- Try it
Below is a listing from which only part is wanted; return exactly the lines from the one with "マウスクリックで位置決めを選" up to and including the one with "企业在分析外部宏观环境(如P".

- Material provided

# # #

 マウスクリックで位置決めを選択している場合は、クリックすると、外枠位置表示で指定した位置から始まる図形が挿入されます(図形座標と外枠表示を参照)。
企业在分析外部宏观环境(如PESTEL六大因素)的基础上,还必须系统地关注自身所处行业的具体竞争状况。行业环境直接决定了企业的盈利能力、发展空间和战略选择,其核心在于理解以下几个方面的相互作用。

# # #

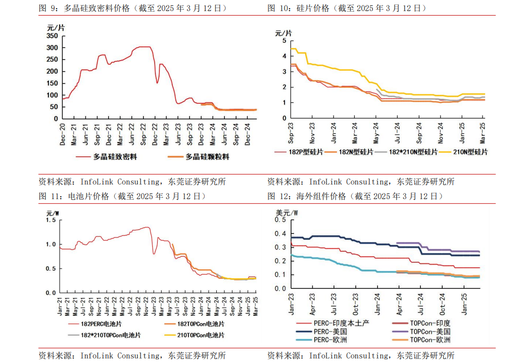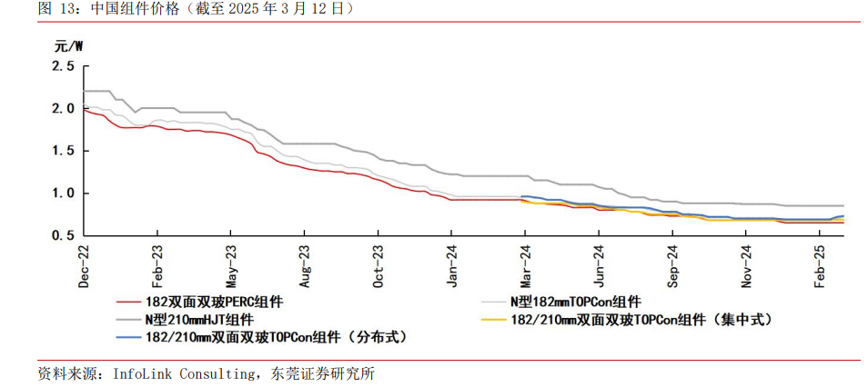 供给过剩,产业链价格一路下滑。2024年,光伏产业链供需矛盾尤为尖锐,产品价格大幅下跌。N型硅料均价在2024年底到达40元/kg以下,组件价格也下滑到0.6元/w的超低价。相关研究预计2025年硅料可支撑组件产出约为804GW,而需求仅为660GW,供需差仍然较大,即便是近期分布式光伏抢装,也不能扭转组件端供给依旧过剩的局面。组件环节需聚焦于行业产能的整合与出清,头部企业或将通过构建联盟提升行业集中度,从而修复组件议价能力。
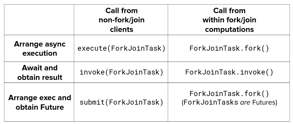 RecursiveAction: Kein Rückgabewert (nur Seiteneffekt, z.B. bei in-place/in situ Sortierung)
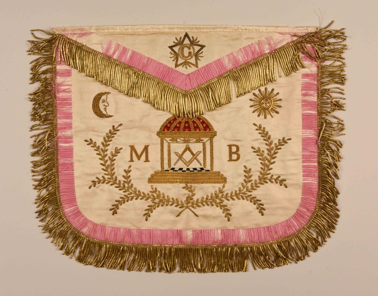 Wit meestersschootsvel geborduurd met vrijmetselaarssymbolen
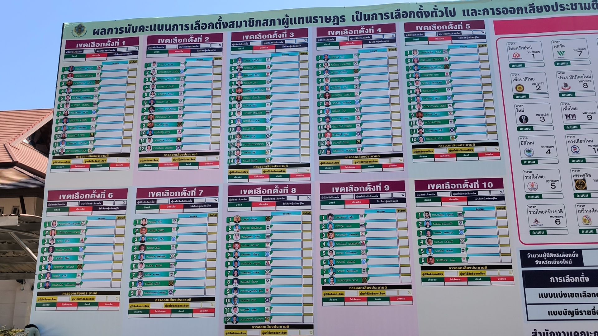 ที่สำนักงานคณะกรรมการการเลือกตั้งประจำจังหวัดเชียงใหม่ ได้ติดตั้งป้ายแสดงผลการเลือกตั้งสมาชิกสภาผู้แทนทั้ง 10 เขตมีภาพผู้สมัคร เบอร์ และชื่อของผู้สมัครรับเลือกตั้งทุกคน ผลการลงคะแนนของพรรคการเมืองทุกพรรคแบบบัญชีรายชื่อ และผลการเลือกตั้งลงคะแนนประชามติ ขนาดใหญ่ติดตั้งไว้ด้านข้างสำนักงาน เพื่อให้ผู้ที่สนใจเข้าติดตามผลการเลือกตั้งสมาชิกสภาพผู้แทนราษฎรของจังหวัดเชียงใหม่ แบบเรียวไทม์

# # #

- Task answer
 マウスクリックで位置決めを選択している場合は、クリックすると、外枠位置表示で指定した位置から始まる図形が挿入されます(図形座標と外枠表示を参照)。
企业在分析外部宏观环境(如PESTEL六大因素)的基础上,还必须系统地关注自身所处行业的具体竞争状况。行业环境直接决定了企业的盈利能力、发展空间和战略选择,其核心在于理解以下几个方面的相互作用。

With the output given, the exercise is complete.